Work instructions. Give the data again in full, without pictures.

Information shown.
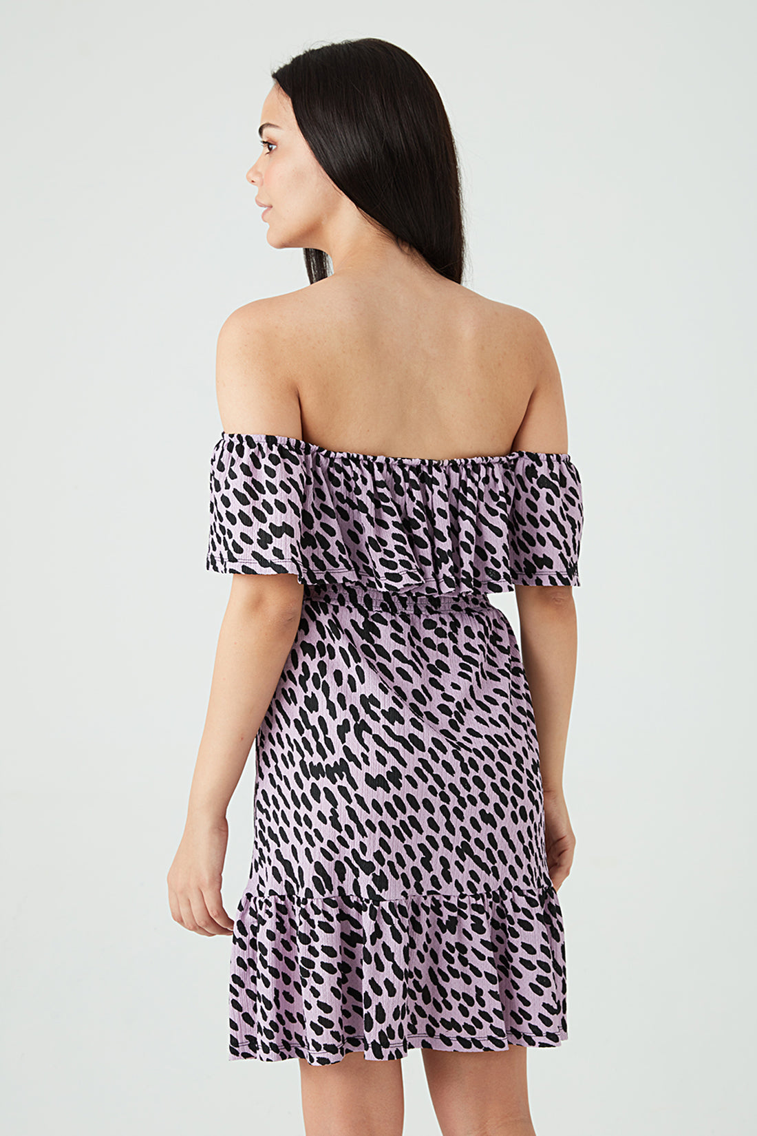 Bring a fresh feel to your everyday looks with the Lilac Spot Print Bardot Tea Dress. Designed with a flattering Bardot neckline and all-over spot print, this dress is an easy choice for warm-weather plans. The soft lilac shade adds a playful, feminine touch, while the floaty silhouette keeps it comfortable from morning to evening. Pair it with sandals or white trainers for an effortlessly put-together outfit.
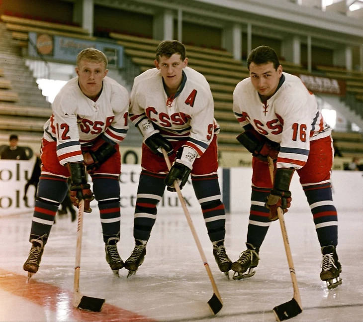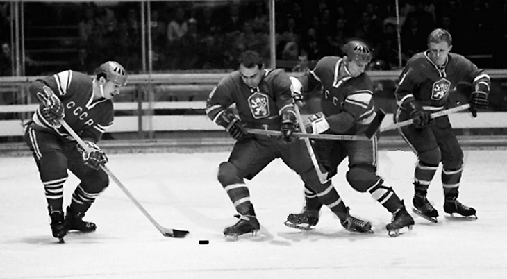 15 февраля 1968 года. Гренобль. Олимпийские игры. СССР - ЧССР - 4:5. Юрий Моисеев (№ 19), Владимир Дзурилла (№ 18), Ярослав Иржик (№ 16) и Евгений Мишаков (№ 10)
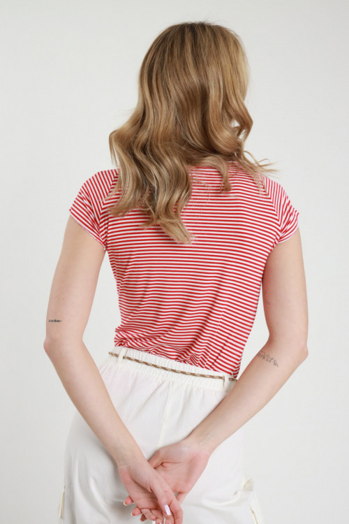 T-Shirt aus Stretch-Viskose mit U-Boot-Ausschnitt im Streifenmuster und Raglanärmeln. 95 %vi 5 %ea

Solution to this task.
 Bring a fresh feel to your everyday looks with the Lilac Spot Print Bardot Tea Dress. Designed with a flattering Bardot neckline and all-over spot print, this dress is an easy choice for warm-weather plans. The soft lilac shade adds a playful, feminine touch, while the floaty silhouette keeps it comfortable from morning to evening. Pair it with sandals or white trainers for an effortlessly put-together outfit.
 15 февраля 1968 года. Гренобль. Олимпийские игры. СССР - ЧССР - 4:5. Юрий Моисеев (№ 19), Владимир Дзурилла (№ 18), Ярослав Иржик (№ 16) и Евгений Мишаков (№ 10)
 T-Shirt aus Stretch-Viskose mit U-Boot-Ausschnitt im Streifenmuster und Raglanärmeln. 95 %vi 5 %ea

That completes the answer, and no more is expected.